• _WHAT IS BEING ASKED_:
Write out the whole listing below exactly, skipping each picture.

*** SOURCE RECORDS Section Begins ***

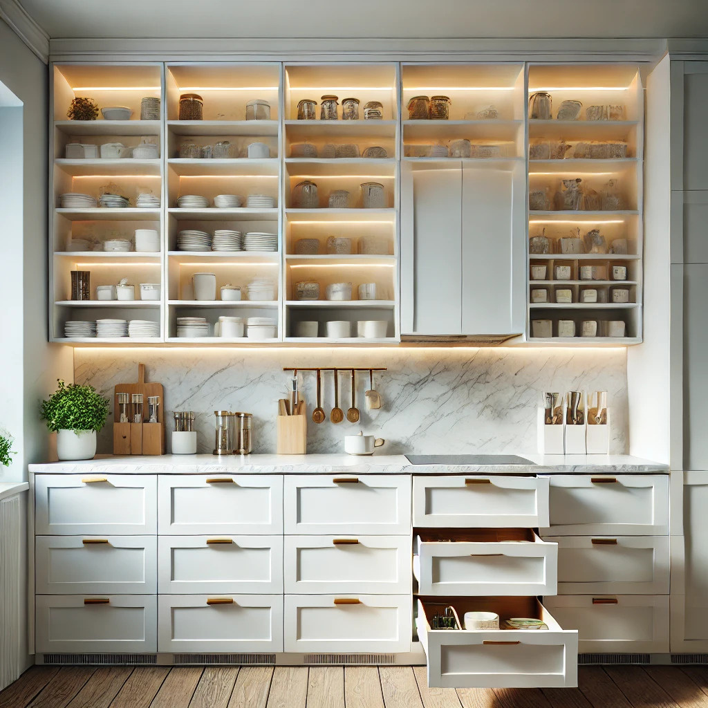 Кухня – это место, где функциональность и уют должны гармонично сочетаться. Правильная организация пространства на кухне не только делает процесс готовки удобным, но и помогает поддерживать порядок. Вот несколько советов, которые помогут вам оптимально обустроить кухонное пространство. 1. Зонирование пространства Каждая кухня должна быть разделена на зоны, соответствующие основным процессам: Хранение (продукты, посуда, бытовая техника). Подготовка (разделочные столы, поверхности для нарезки). Готовка (плита, духовка, микроволновая печь). Мытьё (раковина, посудомоечная машина). Такое разделение позволяет сделать кухонные процессы логичными и комфортными. 2. Рабочий треугольник Золотое правило любой кухни — рабочий треугольник: плита, холодильник и раковина должны располагаться на оптимальном расстоянии друг от друга. Это минимизирует перемещения и ускоряет работу. Расстояние между ними не должно быть слишком большим, но и теснота также недопустима. 3. Оптимизация систем хране
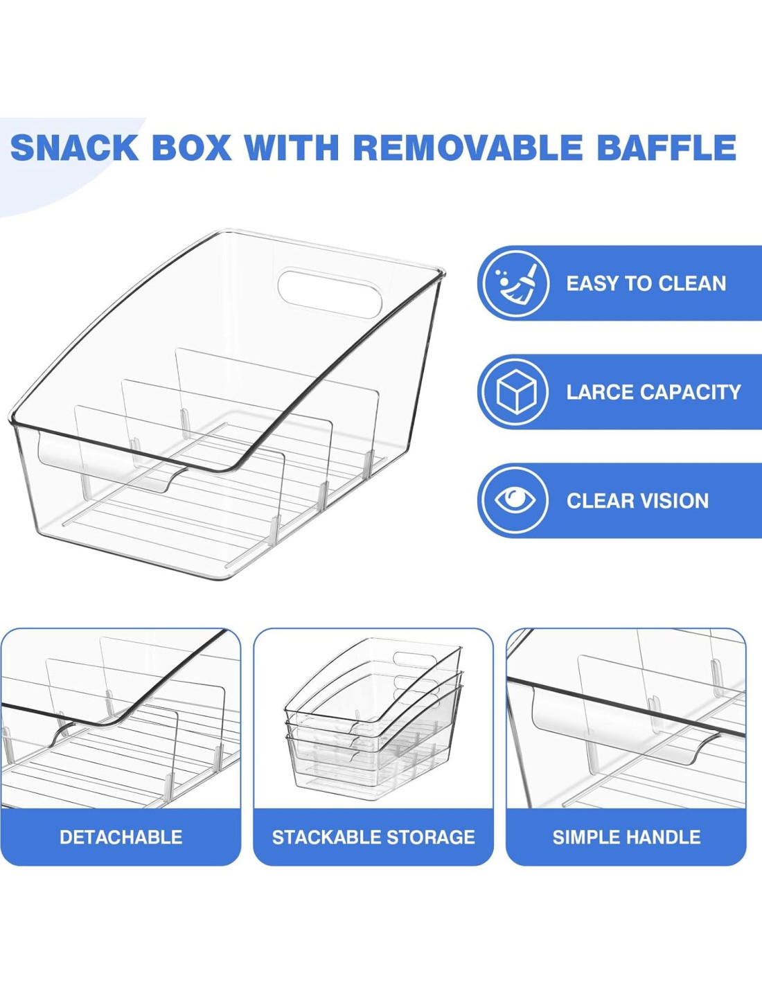 - Divisores Removibles: Hay 3 divisores removibles en cada bin de almacenamiento de alimentos, lo que facilita separar y organizar sus artículos, puede ver y tomar rápidamente lo que necesita. Los bins organizadores de despensa serán una buena opción como bins organizadores para almacenar y organizar medicamentos, snacks, paquetes de especias, paquetes de condimentos, paquetes de té, paquetes de comida instantánea.
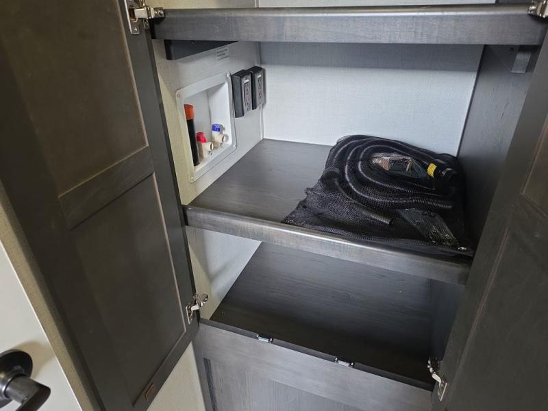 With a bath and a half, it's a clean decision to take this fifth wheel with you on your next camping trip! One of the dual entry doors leads directly into the rear kitchen which has a large pantry and an 18 cu. ft. residential refrigerator to store your food items. The free standing dinette and tri-fold sofa sleeper slide and opposing tri-fold sofa sleeper slide opens up the middle living area for more interior space. The half bathroom is conveniently located straight in through the main entry and features washer and dryer prep for clean clothes throughout your entire trip. The master suite not only has a king bed slide with storage underneath and a bench next to a dresser, but also access into the front full bathroom which has a dual sink vanity, a shower with a seat, and a toilet with privacy walls!
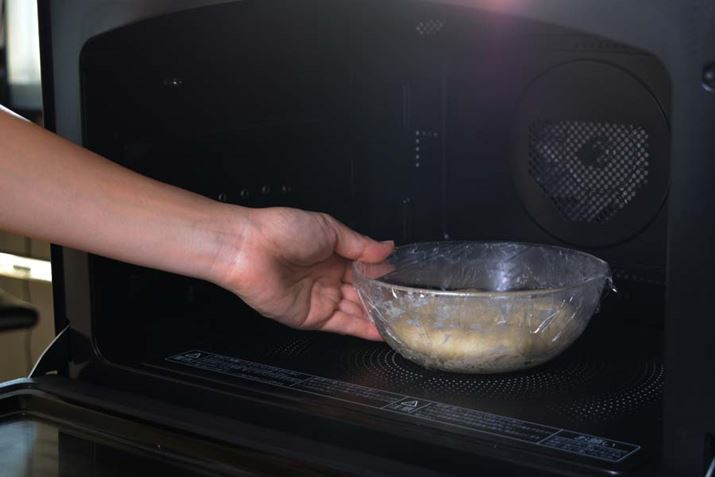 生地を平らにならし、ラップをして庫内中央に置いて、1次発酵をスタート。自動メニューなので温度や時間を設定する必要はない
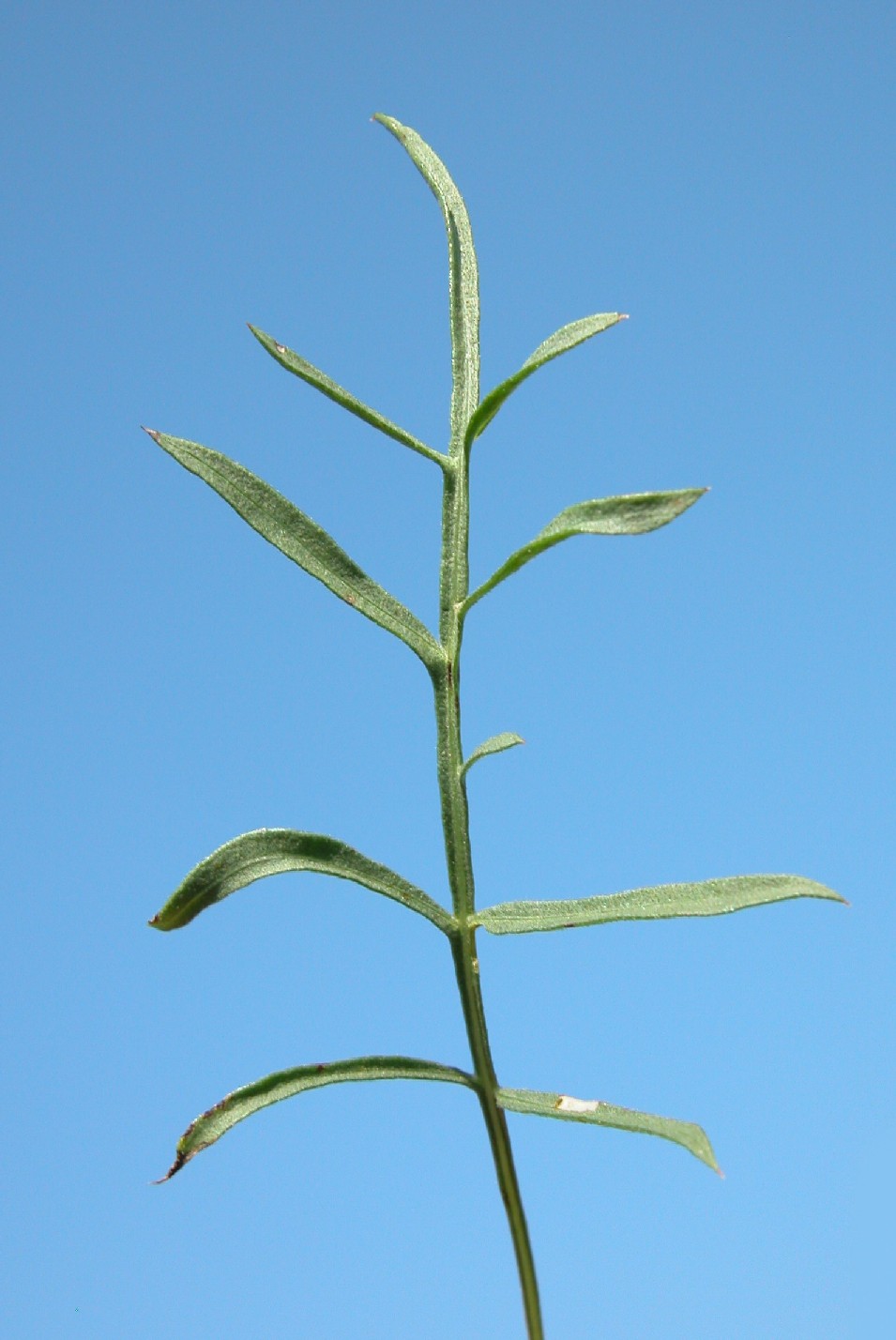 Fiederabschnitte der mittleren und unteren Blätter linealisch, 10 - 45 mm lang, 1 - 2 mm breit
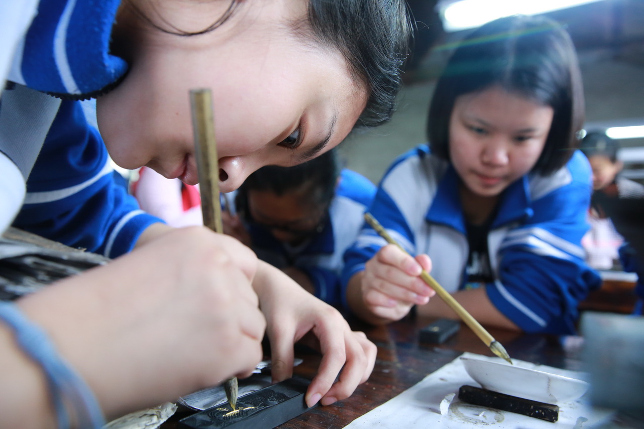除了看和听,此次学生更多地进行了做的体验。在徽雕博物馆,同学们尝试了戒尺的雕刻,感受徽州匠人的耐心、细心和对美的执着;在谢裕大茶行,学生们亲自采摘茶叶,体验了炒茶、揉茶、晒茶的工艺,学习了敬茶的礼仪;在胡开文老字号墨厂,学生进行了徽墨的制作,学习了用徽墨点字描图;在徽州古城,学生学习了剪纸,体验了黄梅戏的唱段。此外学生还尝试了自己制作包袱饺、烧饼等安徽美食。对徽州文化有了全方位的、立体的了解和感受。
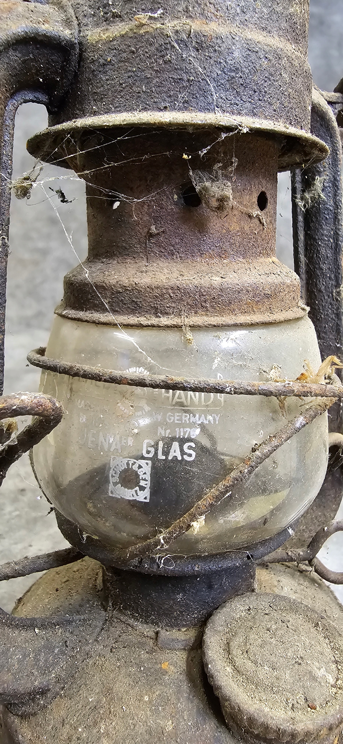 Старая масляная лампа Feuer Hand Jena Glass немцы
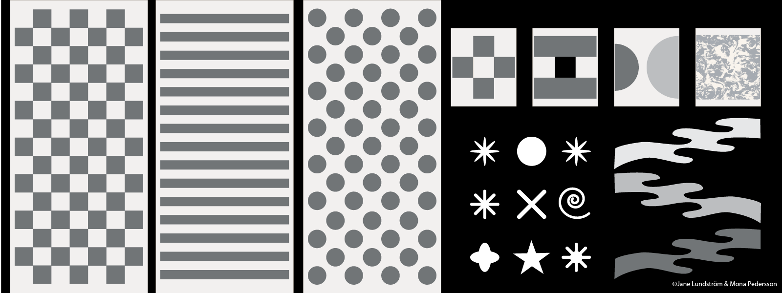 Med inspiration från 50-talets formspråk och grafiska uttryck har vi designat moduler, vepor, väggtextil, rumsdelare samt unika verk.
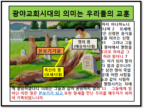 오늘 주어진 말씀을 통하여서 광야시대의 40년과 기독교 2000년의 역사를 비교하시면서 우리들의 영적인 좌표가 어디쯤 와 있는지를 가늠하시기를 바랍니다. 더불어서 마지막시대를 대표하는 라오디게아 교회의 특성은 차지도 않고 그렇다고 뜨겁지도 않은 미지근한 신앙이라고 합니다. 이는 마치 엘리야시대에 갈멜산에서 엘리야선지자가 바알선지자들과 결투를 벌릴때 이편도 아니고 저쪽편도 아닌 우왕좌왕하는 백성들의 모습과 닮은꼴인 것입니다. 그러나 성령님께서는 반드시 어느 한쪽에 속해 있기를 원하시고 또한 결단을 요구하십니다. 그리고 올바른 진리의 길은 항상 좁고 협착한곳에 있다고 말씀하십니다. 비록 어렵고 힘이 들지만 성령님의 인도하심 따라 좁은길, 주님께서 걸어가신 십자가의 길을 가시기를 소망합니다. 그리하여 우리 신앙의 인생길에 후회함이 없는 삶을 살아가시기를 주님의 이름으로 축원드립니다.
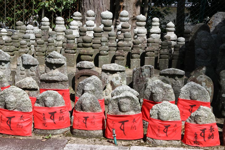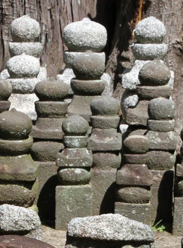 Gorin-to (Gorin-tou) = "Fünf-Ringe-Türme", davor mehrere Reihen Jizo (Jizou)
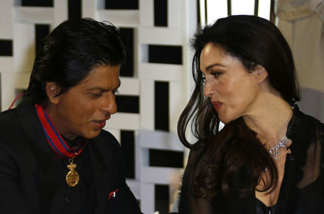 Shahrukh Khan (L) speaks with Italian actress Monica Bellucci (R) during the 12th Marrakech International Film Festival. (AFP)
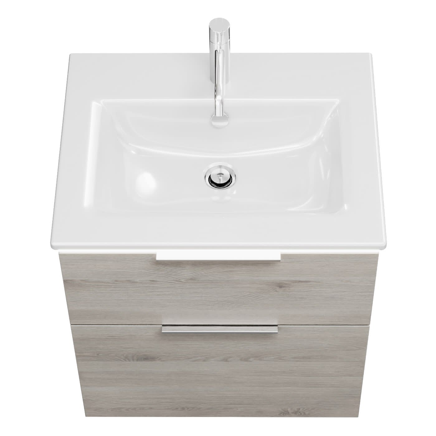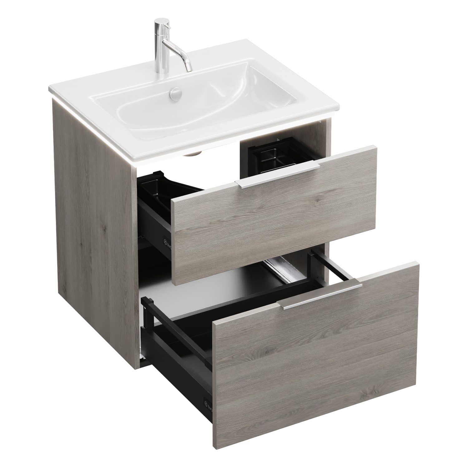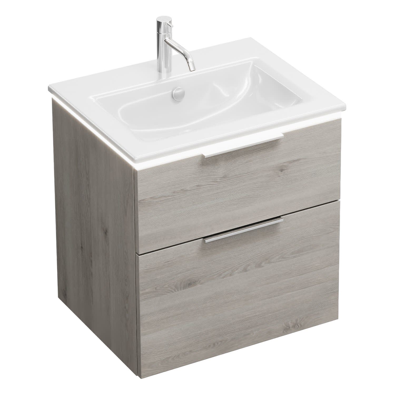 burgbad Eqio Waschtischkombination mit Keramik-Waschtisch Slim und LED-Beleuchtung, 62 cm, mit Griff G0146
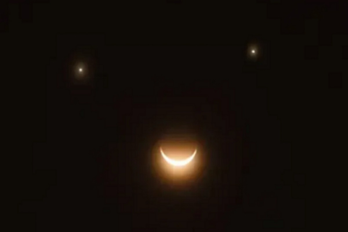 وأوضح أن الصورة المتداولة والتي تظهر هلالاً أسفل نقطتين لامعتين بشكل يشبه الابتسامة، تعود في الحقيقة لحدث فلكي مختلف تماماً وقع في 1 ديسمبر 2008 وجمع بين القمر وكوكبي الزهرة والمشتري ”وليس زحل“.
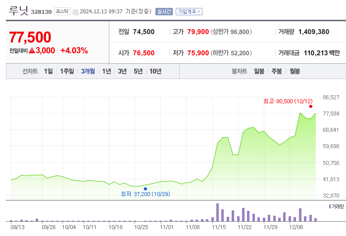 특히 3분기 매출이 전년 대비 413% 증가하며 성장 가능성을 보여줬고, 이에 따라 주가가 반등하는 모습을 보였습니다.
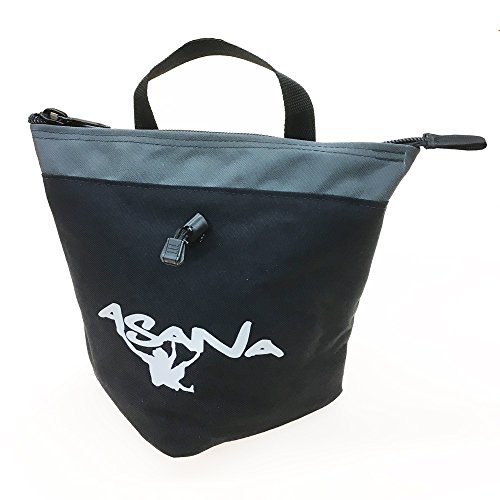 Studio : Asana Climbing Publisher : Asana Climbing Product Description Carry this bouldering bucket around the circuit for miles of great comments on the smart design. The bag unzips and zips with ease as you move from one problem to the next crushing rock with your bare hands. Big, bulky zipper does not clog with chalk! 0
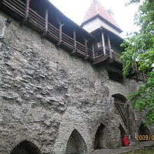 城壁の入口はアレクサンドル・ネフスキー聖堂から近い場所にありました。石段の階段横に、係の人が椅子に座り寒そうに(雨が降っていたため)していました。その横には「1ユーロ/1ドル/15エストニアクローン」と入場料の表示がありました。
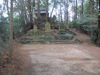 | 2郭に祭られている3つの石碑。 | 1郭に祭られている神社。 |

*** SOURCE RECORDS Section Ends ***

• _ANSWER_:
 Кухня – это место, где функциональность и уют должны гармонично сочетаться. Правильная организация пространства на кухне не только делает процесс готовки удобным, но и помогает поддерживать порядок. Вот несколько советов, которые помогут вам оптимально обустроить кухонное пространство. 1. Зонирование пространства Каждая кухня должна быть разделена на зоны, соответствующие основным процессам: Хранение (продукты, посуда, бытовая техника). Подготовка (разделочные столы, поверхности для нарезки). Готовка (плита, духовка, микроволновая печь). Мытьё (раковина, посудомоечная машина). Такое разделение позволяет сделать кухонные процессы логичными и комфортными. 2. Рабочий треугольник Золотое правило любой кухни — рабочий треугольник: плита, холодильник и раковина должны располагаться на оптимальном расстоянии друг от друга. Это минимизирует перемещения и ускоряет работу. Расстояние между ними не должно быть слишком большим, но и теснота также недопустима. 3. Оптимизация систем хране
 - Divisores Removibles: Hay 3 divisores removibles en cada bin de almacenamiento de alimentos, lo que facilita separar y organizar sus artículos, puede ver y tomar rápidamente lo que necesita. Los bins organizadores de despensa serán una buena opción como bins organizadores para almacenar y organizar medicamentos, snacks, paquetes de especias, paquetes de condimentos, paquetes de té, paquetes de comida instantánea.
 With a bath and a half, it's a clean decision to take this fifth wheel with you on your next camping trip! One of the dual entry doors leads directly into the rear kitchen which has a large pantry and an 18 cu. ft. residential refrigerator to store your food items. The free standing dinette and tri-fold sofa sleeper slide and opposing tri-fold sofa sleeper slide opens up the middle living area for more interior space. The half bathroom is conveniently located straight in through the main entry and features washer and dryer prep for clean clothes throughout your entire trip. The master suite not only has a king bed slide with storage underneath and a bench next to a dresser, but also access into the front full bathroom which has a dual sink vanity, a shower with a seat, and a toilet with privacy walls!
 生地を平らにならし、ラップをして庫内中央に置いて、1次発酵をスタート。自動メニューなので温度や時間を設定する必要はない
 Fiederabschnitte der mittleren und unteren Blätter linealisch, 10 - 45 mm lang, 1 - 2 mm breit
除了看和听,此次学生更多地进行了做的体验。在徽雕博物馆,同学们尝试了戒尺的雕刻,感受徽州匠人的耐心、细心和对美的执着;在谢裕大茶行,学生们亲自采摘茶叶,体验了炒茶、揉茶、晒茶的工艺,学习了敬茶的礼仪;在胡开文老字号墨厂,学生进行了徽墨的制作,学习了用徽墨点字描图;在徽州古城,学生学习了剪纸,体验了黄梅戏的唱段。此外学生还尝试了自己制作包袱饺、烧饼等安徽美食。对徽州文化有了全方位的、立体的了解和感受。
 Старая масляная лампа Feuer Hand Jena Glass немцы
 Med inspiration från 50-talets formspråk och grafiska uttryck har vi designat moduler, vepor, väggtextil, rumsdelare samt unika verk.
 오늘 주어진 말씀을 통하여서 광야시대의 40년과 기독교 2000년의 역사를 비교하시면서 우리들의 영적인 좌표가 어디쯤 와 있는지를 가늠하시기를 바랍니다. 더불어서 마지막시대를 대표하는 라오디게아 교회의 특성은 차지도 않고 그렇다고 뜨겁지도 않은 미지근한 신앙이라고 합니다. 이는 마치 엘리야시대에 갈멜산에서 엘리야선지자가 바알선지자들과 결투를 벌릴때 이편도 아니고 저쪽편도 아닌 우왕좌왕하는 백성들의 모습과 닮은꼴인 것입니다. 그러나 성령님께서는 반드시 어느 한쪽에 속해 있기를 원하시고 또한 결단을 요구하십니다. 그리고 올바른 진리의 길은 항상 좁고 협착한곳에 있다고 말씀하십니다. 비록 어렵고 힘이 들지만 성령님의 인도하심 따라 좁은길, 주님께서 걸어가신 십자가의 길을 가시기를 소망합니다. 그리하여 우리 신앙의 인생길에 후회함이 없는 삶을 살아가시기를 주님의 이름으로 축원드립니다.
 Gorin-to (Gorin-tou) = "Fünf-Ringe-Türme", davor mehrere Reihen Jizo (Jizou)
 Shahrukh Khan (L) speaks with Italian actress Monica Bellucci (R) during the 12th Marrakech International Film Festival. (AFP)
 burgbad Eqio Waschtischkombination mit Keramik-Waschtisch Slim und LED-Beleuchtung, 62 cm, mit Griff G0146
 وأوضح أن الصورة المتداولة والتي تظهر هلالاً أسفل نقطتين لامعتين بشكل يشبه الابتسامة، تعود في الحقيقة لحدث فلكي مختلف تماماً وقع في 1 ديسمبر 2008 وجمع بين القمر وكوكبي الزهرة والمشتري ”وليس زحل“.
 특히 3분기 매출이 전년 대비 413% 증가하며 성장 가능성을 보여줬고, 이에 따라 주가가 반등하는 모습을 보였습니다.
 Studio : Asana Climbing Publisher : Asana Climbing Product Description Carry this bouldering bucket around the circuit for miles of great comments on the smart design. The bag unzips and zips with ease as you move from one problem to the next crushing rock with your bare hands. Big, bulky zipper does not clog with chalk! 0
 城壁の入口はアレクサンドル・ネフスキー聖堂から近い場所にありました。石段の階段横に、係の人が椅子に座り寒そうに(雨が降っていたため)していました。その横には「1ユーロ/1ドル/15エストニアクローン」と入場料の表示がありました。
 | 2郭に祭られている3つの石碑。 | 1郭に祭られている神社。 |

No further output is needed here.